Question

Perl Script - For 3Rd Codon G Or C ?

6

Entering edit mode

14.4 years ago

Ads-Osu ▴ 60

So I am trying to write a perl script that gives me the number of Gs or Cs in the third codon position. I have started using a bioperl package but cannot get it to output the name of the sequences in the FASTA.

Also, I have been unsuccessful in extracting the third position thus far. I have got to the point of separating out three base pairs at a time. Here is my code:

#!/usr/bin/perl 
use Bio::SeqIO;
$seqio_obj = Bio::SeqIO->new( -file => "./all_ORFS.fasta" , '-format' => 'Fasta');

 while ($seq_obj = $seqio_obj->next_seq){
    #print the sequence
    $seq1 = $seq_obj->seq,"\n";
    $gc = 0;
    foreach ($seq1){
        @chunk = unpack("A3" x (length($seq1)/3), $seq1);
        while ($chunk){
            if(/\w{2}(\w)/){
                if($1 = "g"){
                    $gc + 1;
                }
            print $gc;
            }
        }
        #print join("\n",@chunk)."\n";    
    }
}

perl codon bioperl sequence translation • 4.8k views

ADD COMMENT • link updated 6.2 years ago by Ram 44k • written 14.4 years ago by Ads-Osu ▴ 60

0

Entering edit mode

Well, for starters... $1 = "g" is not the same as $1 == 'g'. I'm pretty sure that $gc + 1 is not the right syntax either. And if $chunk { isn't going to work either, because I'm pretty sure you haven't initialized $chunk. If you started your script with use strict that would be caught.

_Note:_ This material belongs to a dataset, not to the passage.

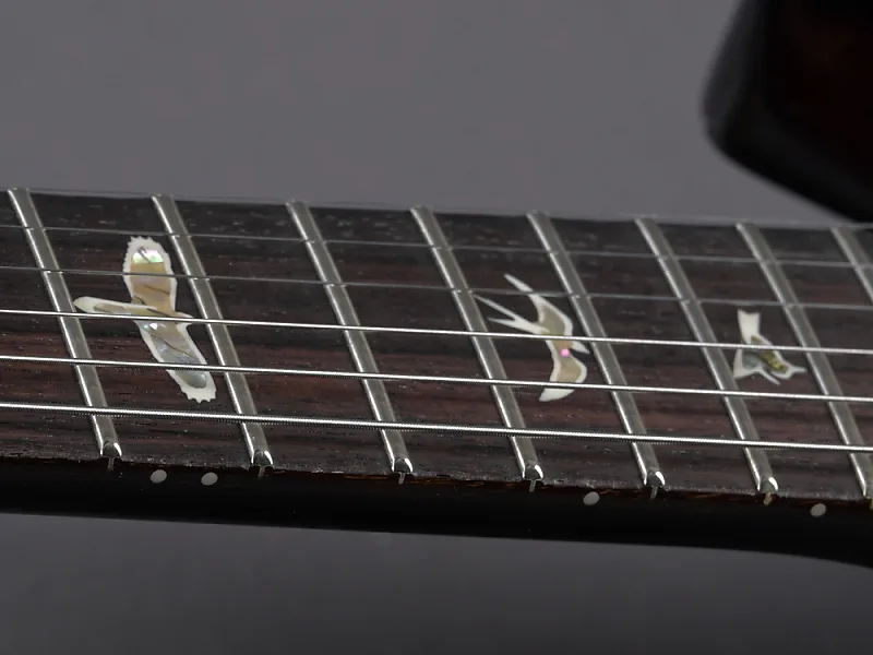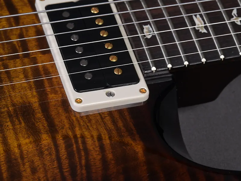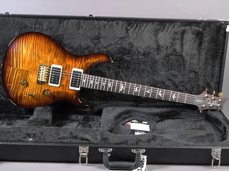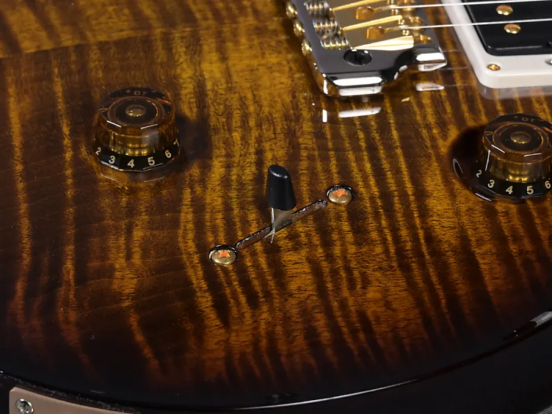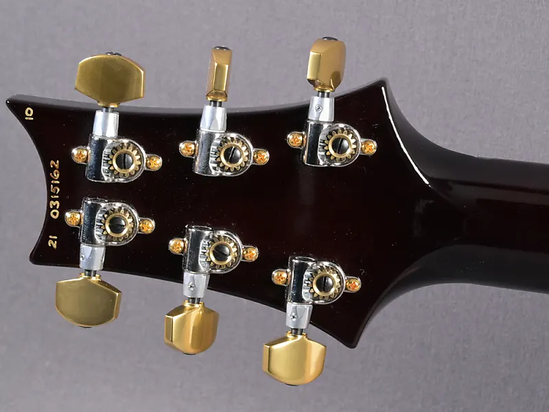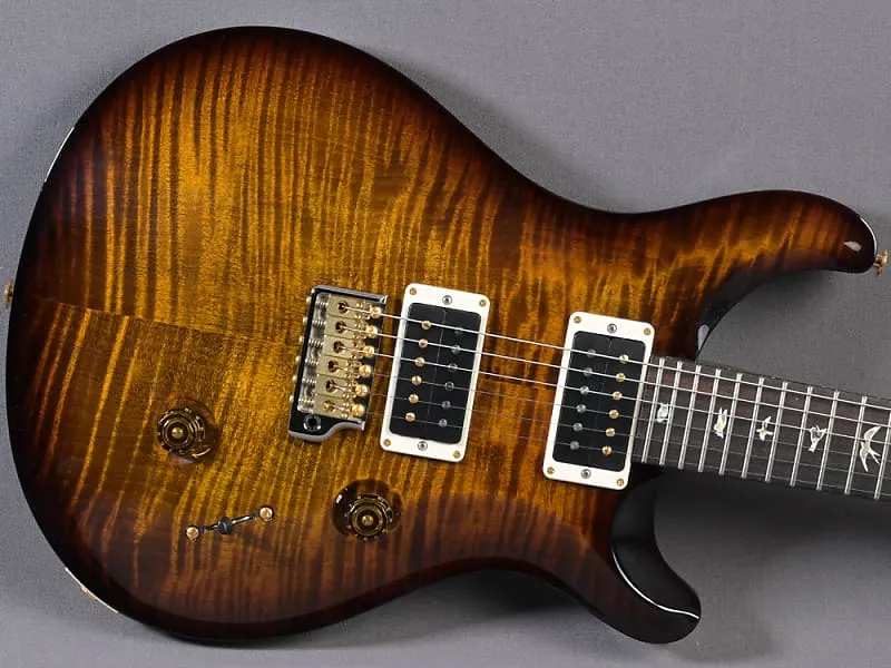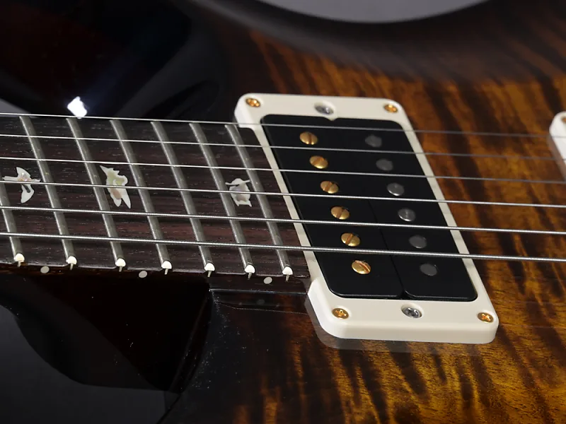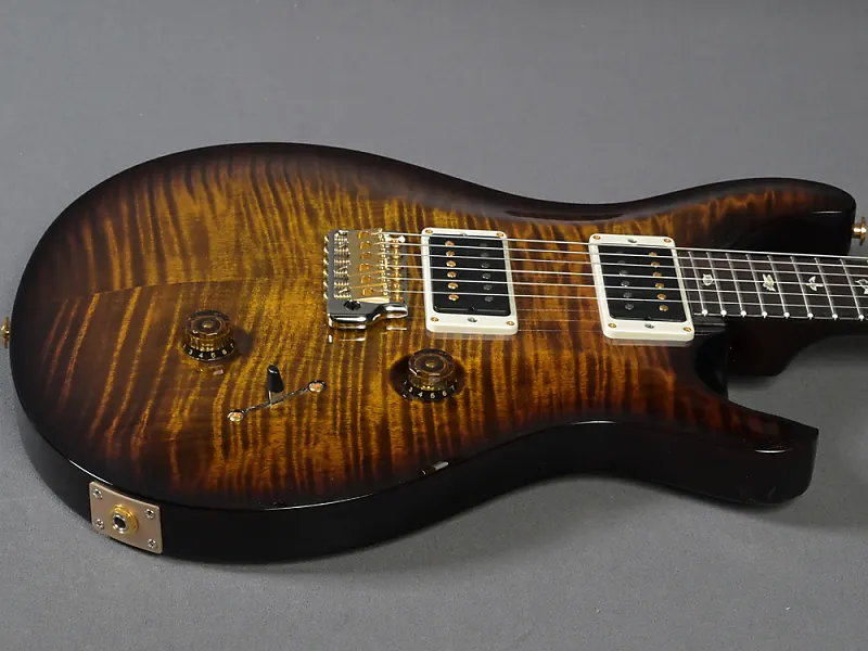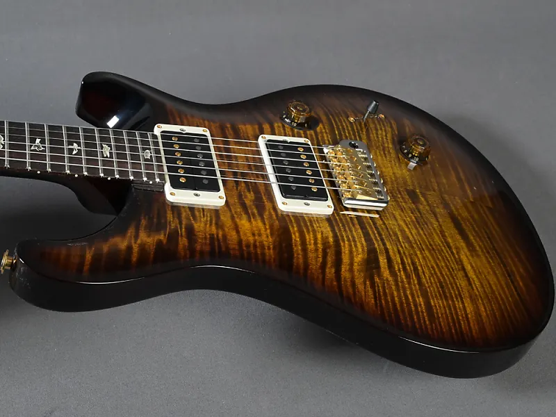 Здесь классическая Custom 24 в особенно привлекательной версии! Великолепная дека (top из 10 слоев) окрашена в Black Gold Burst, шея с "Regular Pattern" идеально ложится в руку, вес очень комфортный - 3320 граммов, а проверенные звукосниматели 85/15 в обеих позициях передают мощный Sustain и насыщенный основной звук идеально. Еще одной особенностью каждой USA Custom 24 является тремоло. Отличная управляемость, идеальная стабильность настройки и отсутствие снижения сустейна при использовании - один из компонентов этой идеальной гитары, который Пол сохраняет с первых прототипов и который фактически невозможно улучшить. Здесь в красивой гибридной (хром/золото) версии.

ADD REPLY • link updated 5.2 years ago by Ram 44k • written 6.2 years ago by swbarnes2 14k

Ram · Answer 1 · 2010-07-14

Good to see that you are using Bioperl for this task. Rule 1: don't reinvent the wheel. Here is one solution. It assumes that your input sequence length is a multiple of 3 and contains only codons, beginning with the start codon.

#!/usr/bin/perl -w

use strict;
use Bio::SeqIO;

my $fasta = Bio::SeqIO->new(-file => "orf1.fa", -format => "fasta");

while(my $seq = $fasta->next_seq) {
  # should really check here that $seq is as expected
  my @output = $seq->id;
  my %codons;
  for(my $i = 3; $i <= $seq->length; $i+=3) {
    my $codon3 = $seq->subseq($i, $i);
       $codons{$codon3} += 1;
  }
  foreach my $base(sort keys %codons) {
    push(@output, $codons{$base});
  }
  print join("\t", @output), "\n";
}

First, we read in a fasta file (orf1.fa) and loop through each sequence, using the Bio::SeqIO next_seq() method. We get the ID of the sequence (that's the part directly following the ">" in the fasta file) using $seq->id and store it as the first element of array @output.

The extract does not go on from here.